— Work request —
Output only the lines below from the one holding "その裂かれた布を、織り機でぱったん、ぱったんと織っていきます。" down to the one holding "Brother Gloss Laminated", both end lines included and every picture dropped.

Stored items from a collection
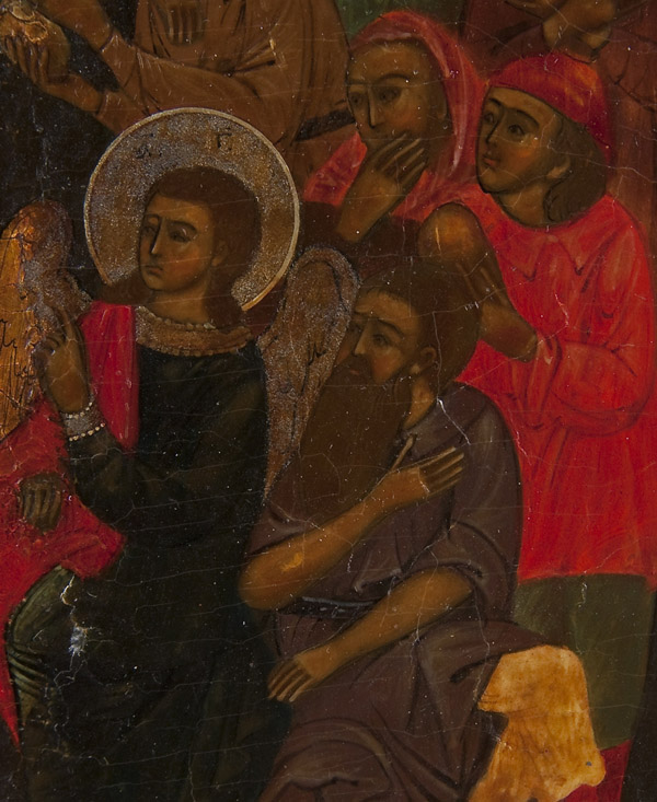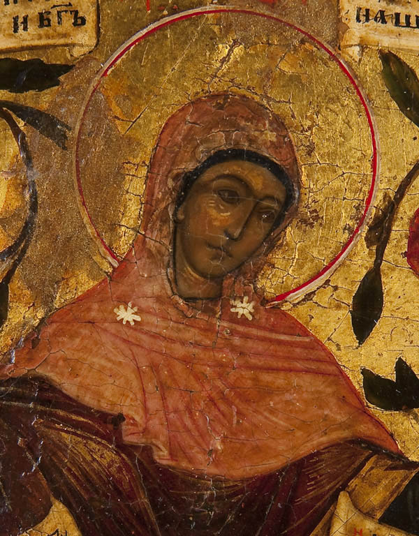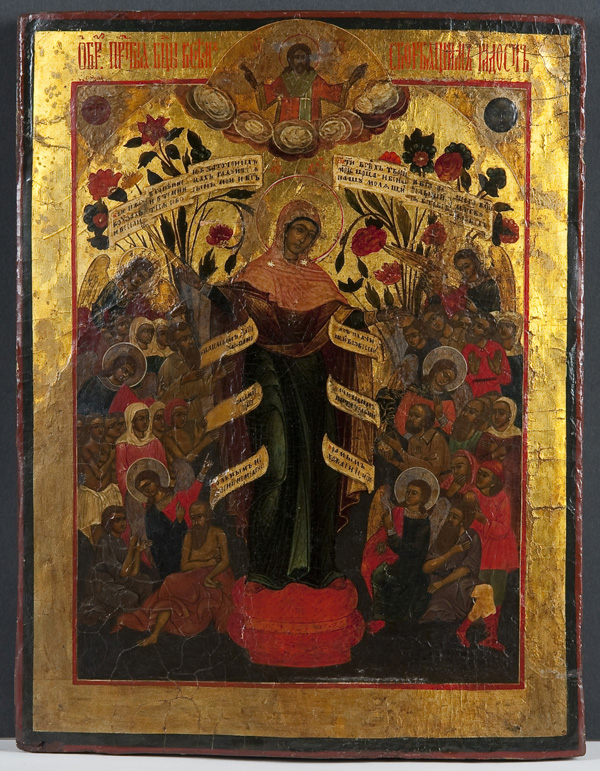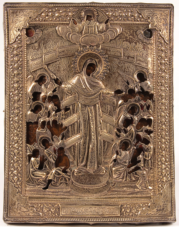 A RUSSIAN ICON OF THE MOTHER OF GOD JOY TO ALL WHO SUFFER, CIRCA 1900. At center the Mother of God. She is surrounded by suffering humans with angels amongst them. They hold scrolls with petitions. Christ, depicted as the Great High Priest, delivers a blessing from the central top margin. Overlaid with an ornate, silver-gilt repousse and chased riza. Hallmarked Moscow 1908-1917, Cyrillic makers mark N.I.Z. and 84 standard. 13.5 inches x 10.75 inches (34cm x 27cm).
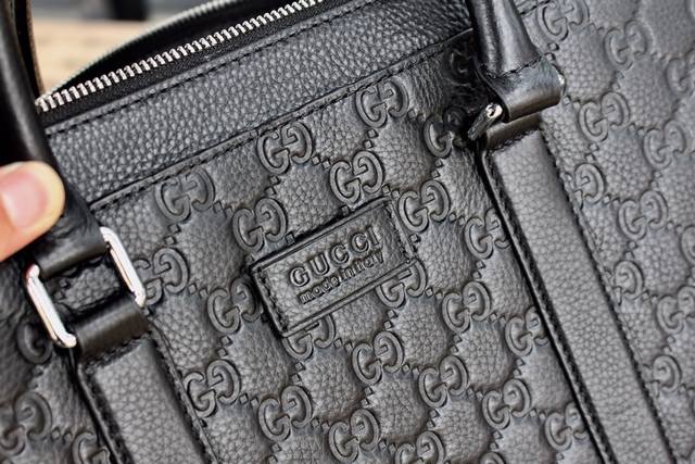 P 。Gucci型号:33233-5。最 新款公文包出货!拉链封口采用顶级意大利牛皮进口里布!做工精湛 尺寸:38.5X29X8Cm 独家实物实拍 牛皮压G
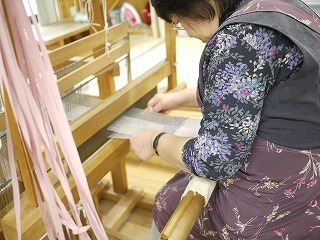 その裂かれた布を、織り機でぱったん、ぱったんと織っていきます。
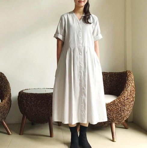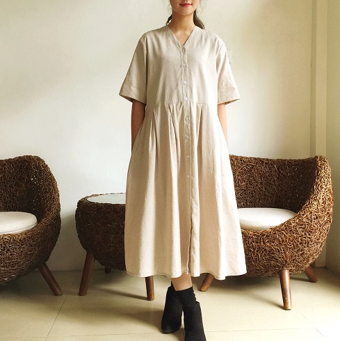 スッキリとしたVカットの襟元に、裾までの前ボタンです。
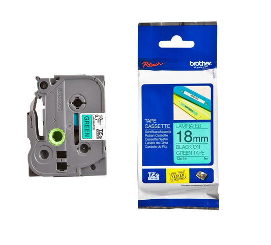 Brother Gloss Laminated Labelling Tape - 18mm, Black/Green label-making tape TX
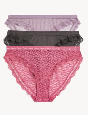 Made with lace and mesh, these knickers are feminine and flirty. Flattering bikini style with added stretch for superb comfort. Repeat 'Love' lettering on the waistband for a fun finish.n M&S Collection: versatile styles in modern shapes with unique and playful details.
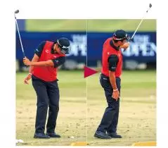 「ホーガンの場合、両ワキを締めて、しなやかに腕を使ってクラブを走らせるのに、体の動きは〝従〟であってほしい。スムーズなターンを促しつつ、バランスが崩れないようにするには、前傾せずに振るのが一番。でも、それでは地面にあるボールを打てないから、ヒザに適度な〝弾力〟を持たせるぶん腰を約5センチだけ下げる。
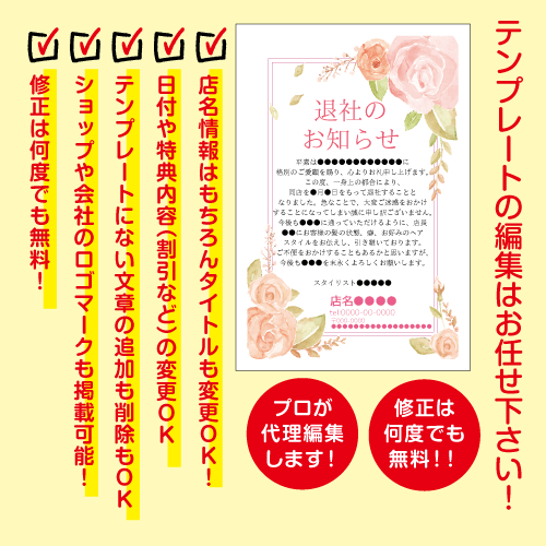 美容師・ネイリスト・エステシャンの方が、結婚や出産、独立や転職を期に現在のサロンを退社する際の退職ハガキ。
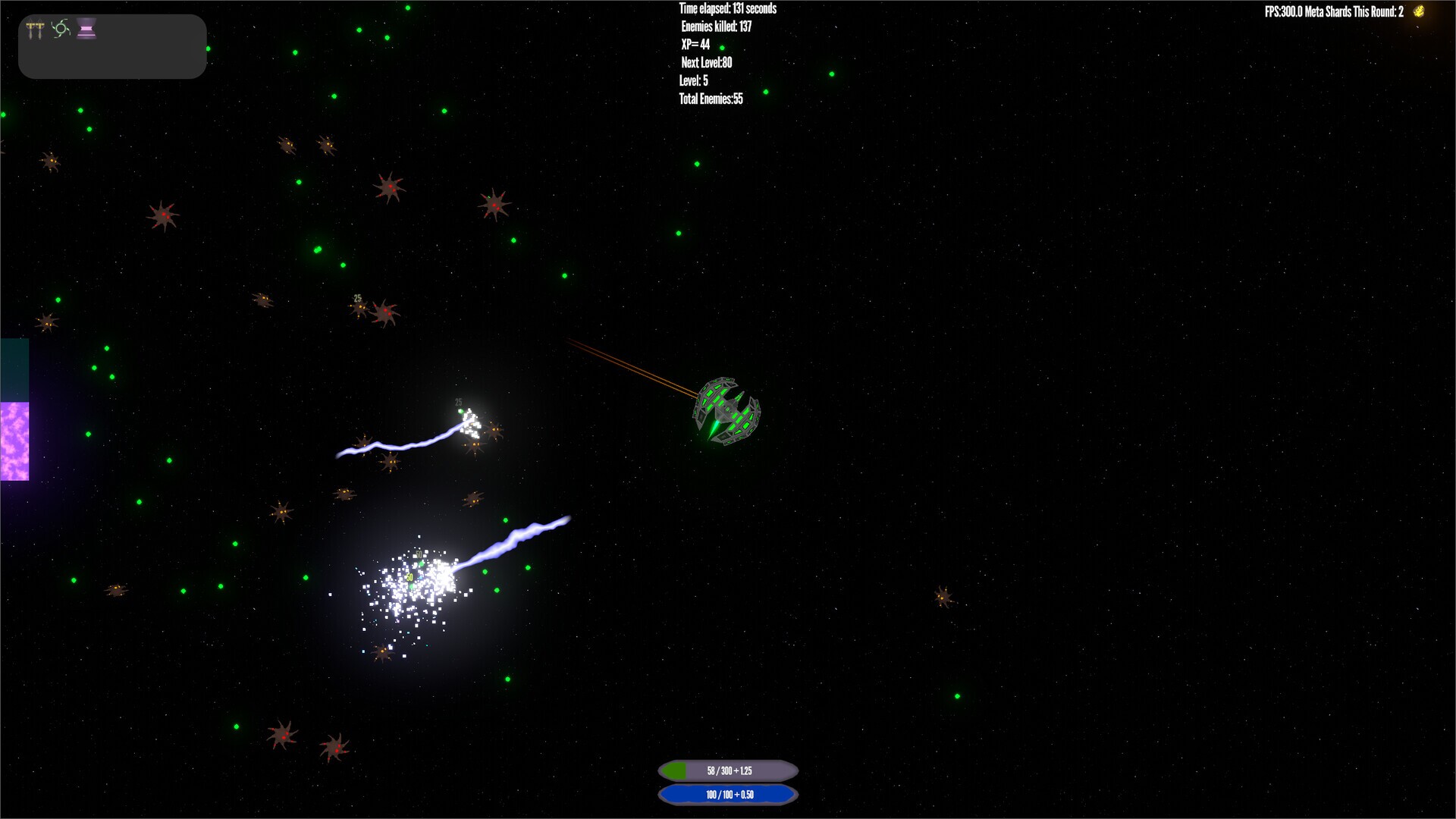 While traveling through hyperspace, your ship's drive field suddenly fails. Moments later, a relentless alien force attacks, determined to ensure your journey ends here. Now, Stranded In Starlight, survival is your only option.FeaturesFast gameplay sessions (under 30 minutes)Many different weapons and utilitiesBossesSurvive hordes of enemies that grow larger and stronger as time passesGain experience and upgrade your shipBetween runs you can permanently upgrade your ship and unlock new abilities

— Answer space —
 その裂かれた布を、織り機でぱったん、ぱったんと織っていきます。
 スッキリとしたVカットの襟元に、裾までの前ボタンです。
 Brother Gloss Laminated Labelling Tape - 18mm, Black/Green label-making tape TX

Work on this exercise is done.